◆ Exercise goal ◆
No picture should appear in the copy. Transcribe exactly, and only, the lines from the one with "Troccoli bio con" through the last line of the data below.

[Items from a dataset]
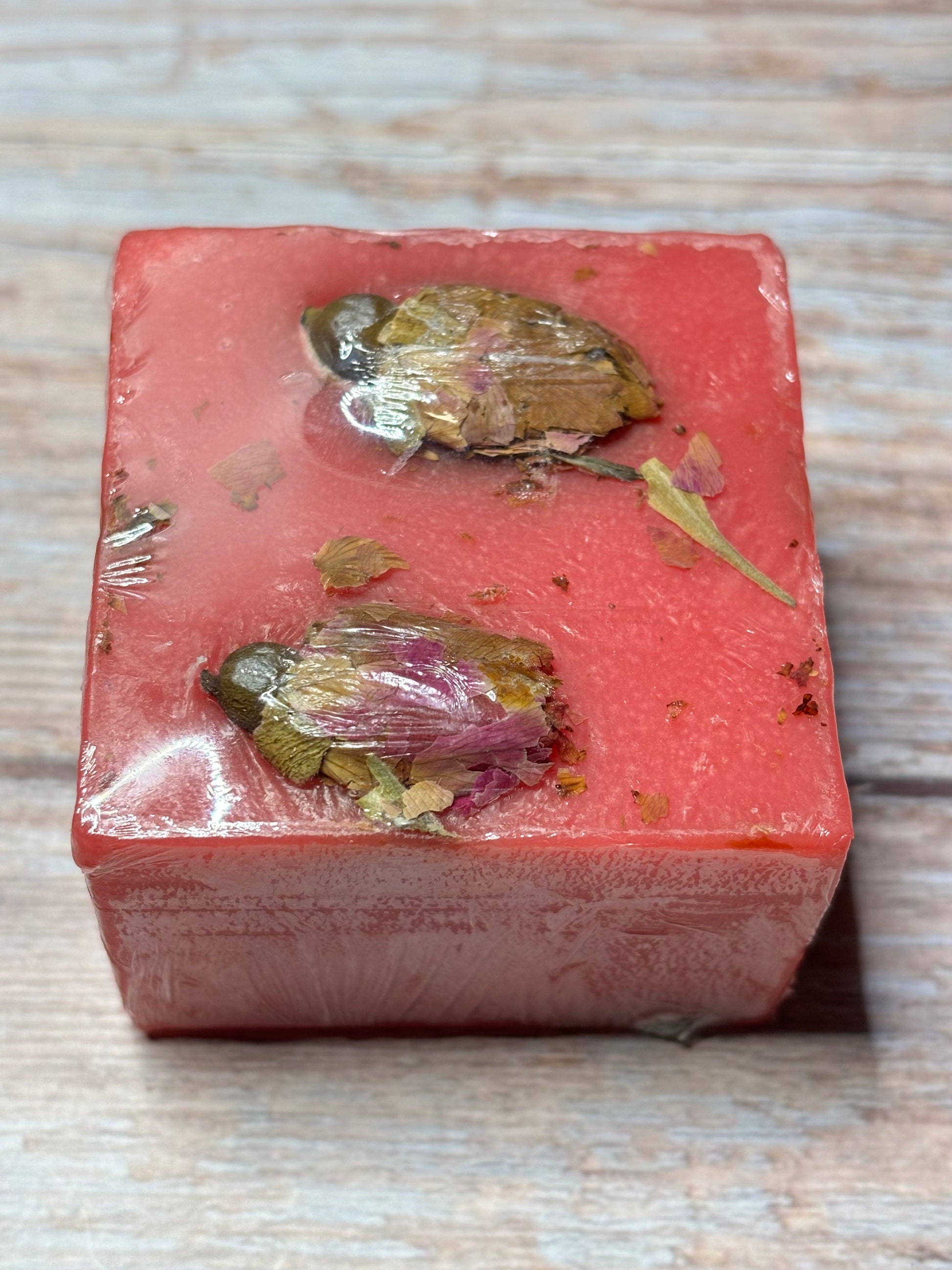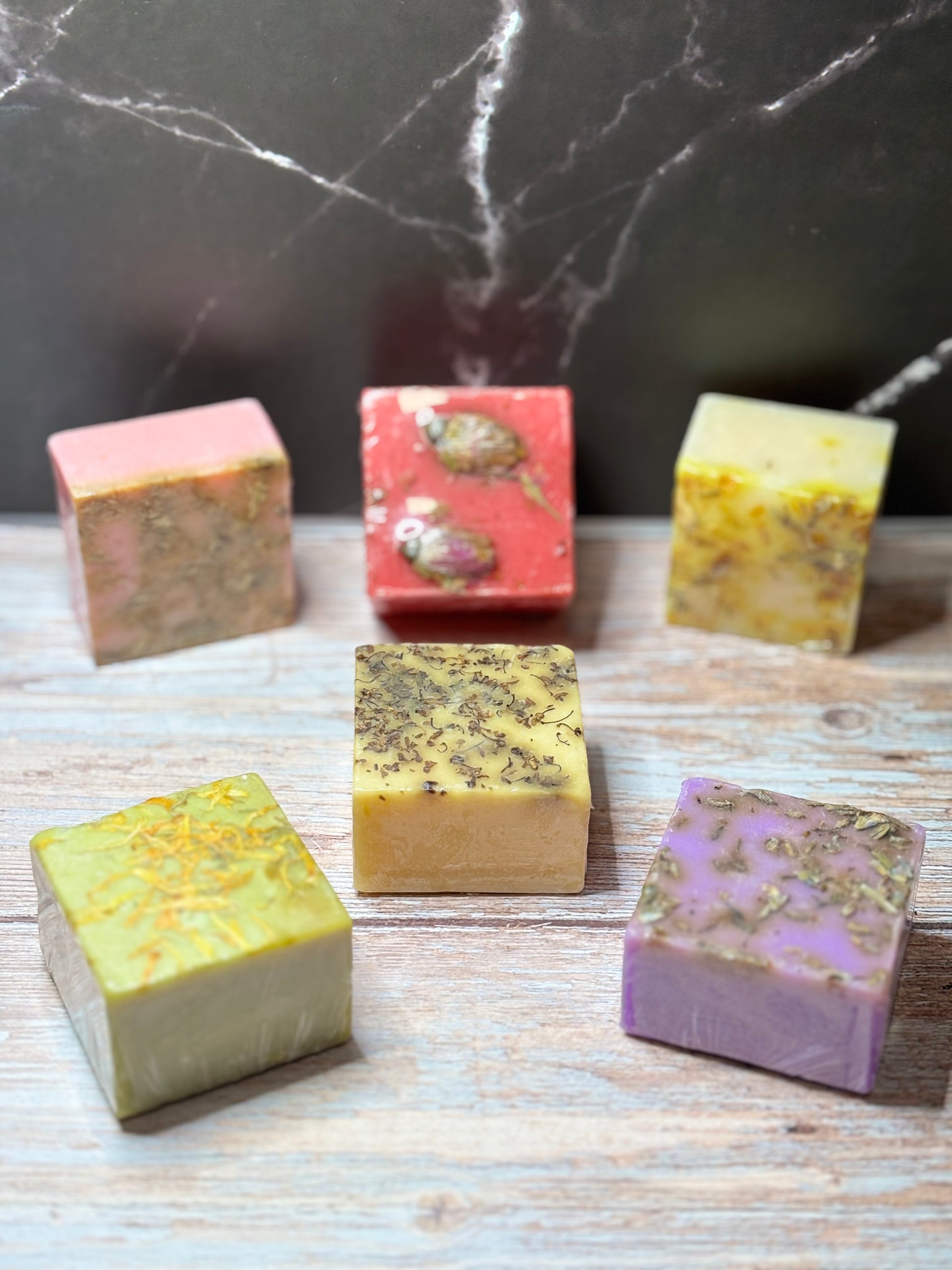 Indulge in our Handmade Flower Soaps, crafted with a blend of water and natural oils such as rose, jasmine, and lavender. Enriched with turmeric, chamomile, and shea butter, these soaps will leave your skin feeling nourished and rejuvenated. Treat yourself to the benefits of our botanical ingredients with every use.
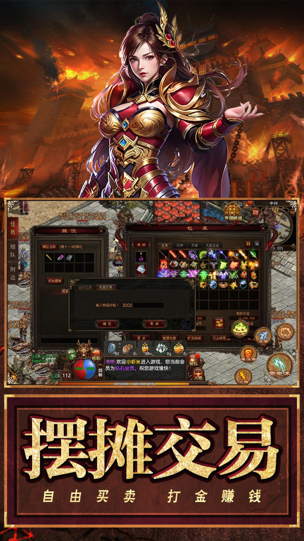 新世界,新副本、新挑战、多重职业,超强套装、神装靠打、超高爆率、满屏光柱、装备变现、自由交易、PK爆物、玩家在这里将不会一个人战斗。
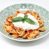Troccoli bio con salsa di pomodoro, acciughe, pane tostato al basilico, peperoni cruschiI secondi
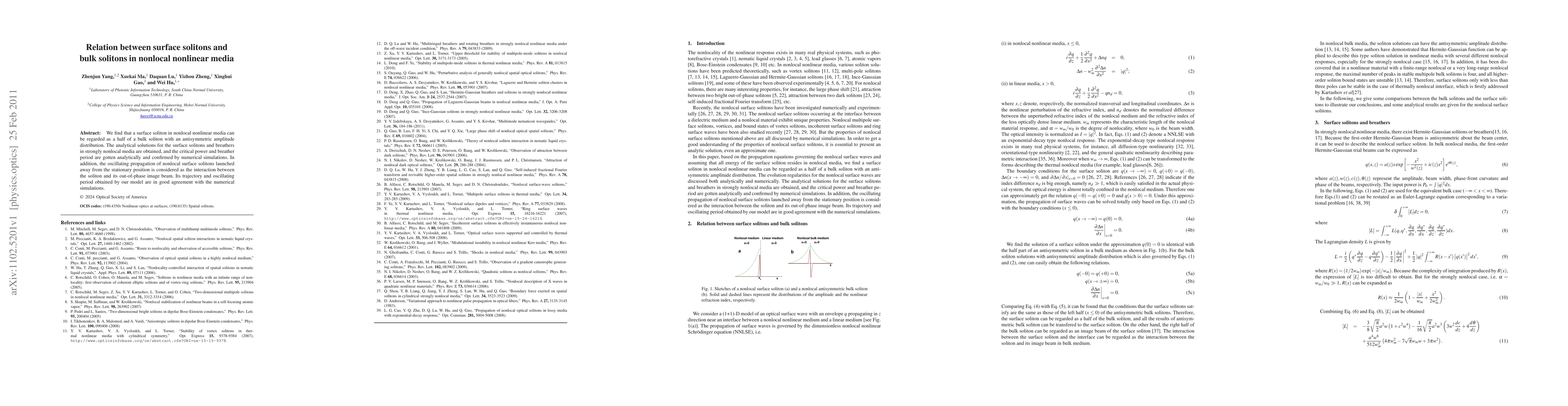 This paper explores the relationship between surface solitons and bulk solitons in nonlocal nonlinear media, demonstrating that surface solitons can be seen as half of a bulk soliton with an antisymmetric amplitude distribution. Analytical solutions and critical power thresholds for surface solitons and breathers are derived and validated through numerical simulations.
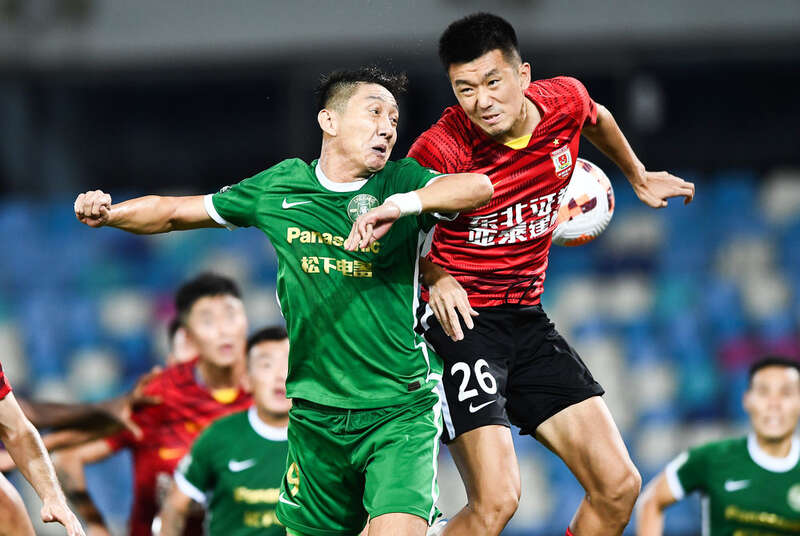 6月29日,长春亚泰队球员董洪麟(右)与浙江队球员高迪在比赛中争顶。新华社记者杨冠宇摄
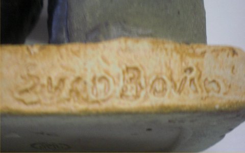 Beskrivelse: Bing & Grøndahl stentøj B&G 7061 Fisker 25 cm Signeret Sven Bovin Glaseret stentøj I fin og hel stand Bing & Groendahl
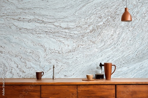 © Arwin, Obraz premium Modern kitchen counter with patterned wall and coffee setup.

◆ Worked solution ◆
Troccoli bio con salsa di pomodoro, acciughe, pane tostato al basilico, peperoni cruschiI secondi
 This paper explores the relationship between surface solitons and bulk solitons in nonlocal nonlinear media, demonstrating that surface solitons can be seen as half of a bulk soliton with an antisymmetric amplitude distribution. Analytical solutions and critical power thresholds for surface solitons and breathers are derived and validated through numerical simulations.
 6月29日,长春亚泰队球员董洪麟(右)与浙江队球员高迪在比赛中争顶。新华社记者杨冠宇摄
 Beskrivelse: Bing & Grøndahl stentøj B&G 7061 Fisker 25 cm Signeret Sven Bovin Glaseret stentøj I fin og hel stand Bing & Groendahl
 © Arwin, Obraz premium Modern kitchen counter with patterned wall and coffee setup.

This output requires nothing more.